Golsen v. Commissioner , 54 T.C. 742 ( 1970 )


Menu:
  • OPINION

    Raum, Judge.:

    This case involves an ingenious device which, if successful, would result in petitioner’s purchase of a substantial amount of life insurance for the protection of his family at little or no after-tax cost to himself, or possibly even with a net profit in some years. The device is based on an unusual type of insurance policy that apears to have 'been specially designed for this purpose in which the rates were set at an artificially high level with correspondingly high cash surrender and loan values to begin immediately during the very first year of the life of the policy. The plan contemplated the purchase of a large amount of such insurance, the “payment” of the first year’s premium, the simultaneous “prepayment” of the next 4 years’ premiums discounted at the annual rate of 3 percent, the immediate “borrowing” of the first year’s cash value at 4 percent “interest,” and the immediate “borrowing” back of the full reserve value generated by the “prepayment,” also at 4-percent “interest.” Each year thereafter, the plan called for the “borrowing” of the annual increase in the loan or cash value of the policy at 4-percent “interest”; such increase, as a result of the artificially high premium, was more than sufficient to “prepay” the discounted amount of the premium which would become due 4 years thereafter. The net result of these complicated maneuvers would be that the insured’s net out-of-pocket (pretax) expenditures each year would 'be equal to the true actuarial cost of the insurance benefits that he was purchasing (i.e., net death benefits in substantial amounts even after the policies had been stripped of their cash surrender values) — although, in form, he appeared to be paying large amounts of “interest.” At the heart of the device is the deduction allowed in section 163(a) of the 1954 Code with respect to “interest paid * * * on indebtedness.” And if the device were successful, the deduction would reduce the aftertax cost of the insurance either to a small amount, or nothing at all, or there might even be a net profit, depending upon the tax bracket of the owner of the policy. Apart from a portion of the amount paid the first year as “premiums” or “advance premiums,” the remaining cash actually paid that year, and all other actual cash payments made by the insured throughout the life of the policy would be characterized as “interest.”

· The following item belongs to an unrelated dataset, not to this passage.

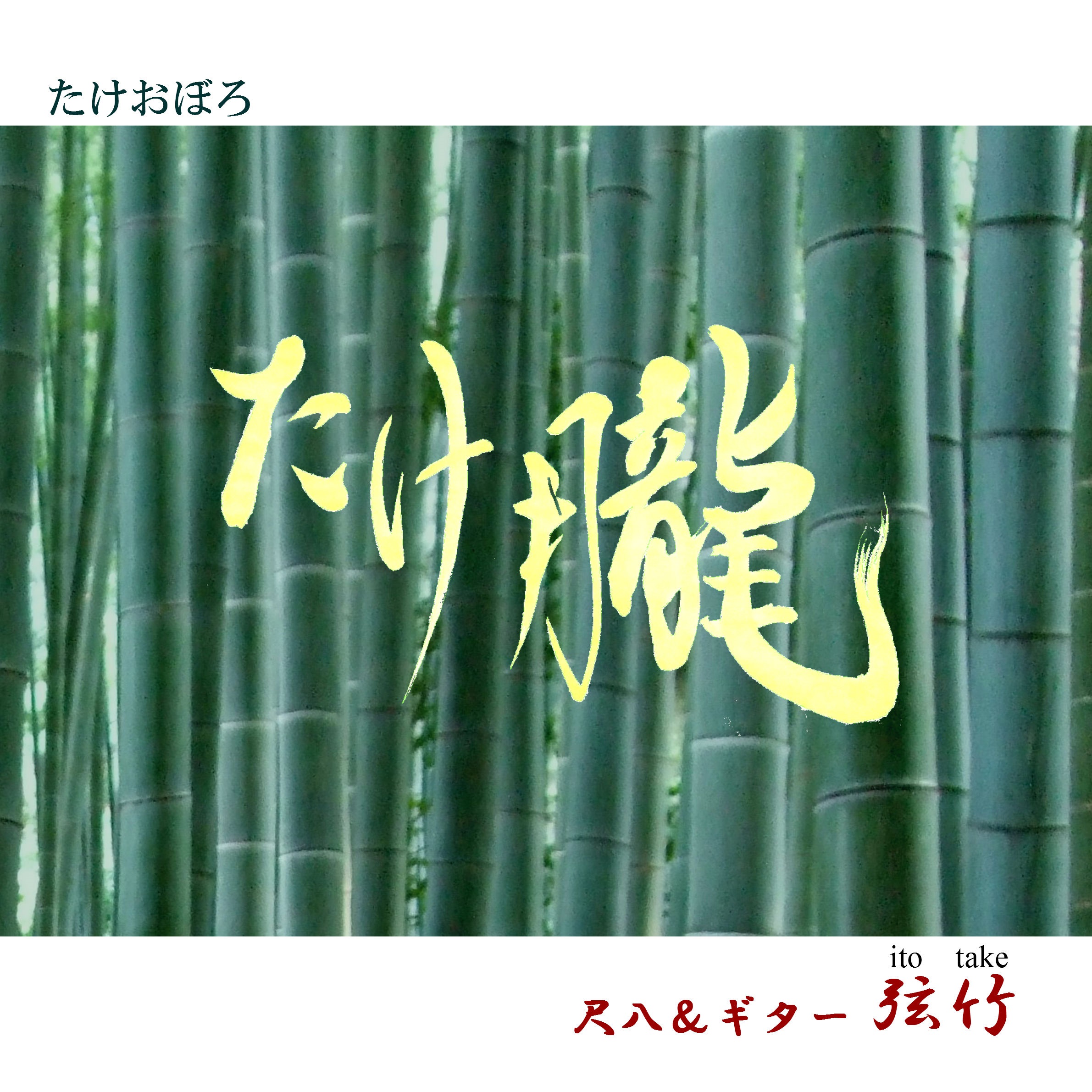 CDタイトルは、初めて作曲家に委嘱して創って戴いた曲の1曲「たけ朧(おぼろ)」です。CDへの収録には金野氏、山城氏と私3人で厳選で選曲しました。まあ、尺八とギターという奇異な(?)アンサンブル、でも、真面な音楽をお楽しみいただきたいです〜!!

    The Government contends that the “loan” features of such insurance contracts are devoid of economic substance, that taking these features as part of an integrated plan, no true “indebtedness” was created nor was any bona fide “interest” paid (regardless of whether any such feature might otherwise qualify under the statute if considered individually in isolation from the companion features),6 that the substance of the transaction was that the “interest” merely reflected the annual price which the insured paid for life insurance protection, and that such payment is nothing more than a nondeductible personal expense.

    The nature of the problem is one that the Court is obviously ill-equipped to handle without expert actuarial assistance, and it was fortunate in this case to have the benefit of the testimony of an actuary who appeared to us to be highly qualified, and who presented a clear and convincing analysis of the transaction before us. That testimony established to our satisfaction that the receipt and prepayment agreement and the loan agreement and assignment of policy had no essential relationship whatever to the insurance benefits provided under the insurance contracts, that when, in accordance with the prearranged plan, the policy was stripped of its artificially high cash surrender values, such policy was merely the equivalent of renewable term insurance, and that actuarially the net cash which the insured in fact paid to the insurance company, however described, merely represented the true cost of the insurance purchased. In the latter connection, the actuary testified as follows:

    The payments that are denominated as interest, when reduced by the cash that was returned from the insurance company, are the amounts that are left to support the insurance. In other words, they are the cost to the insured for which, in return, he gets the death benefit protection promised by the insurance company.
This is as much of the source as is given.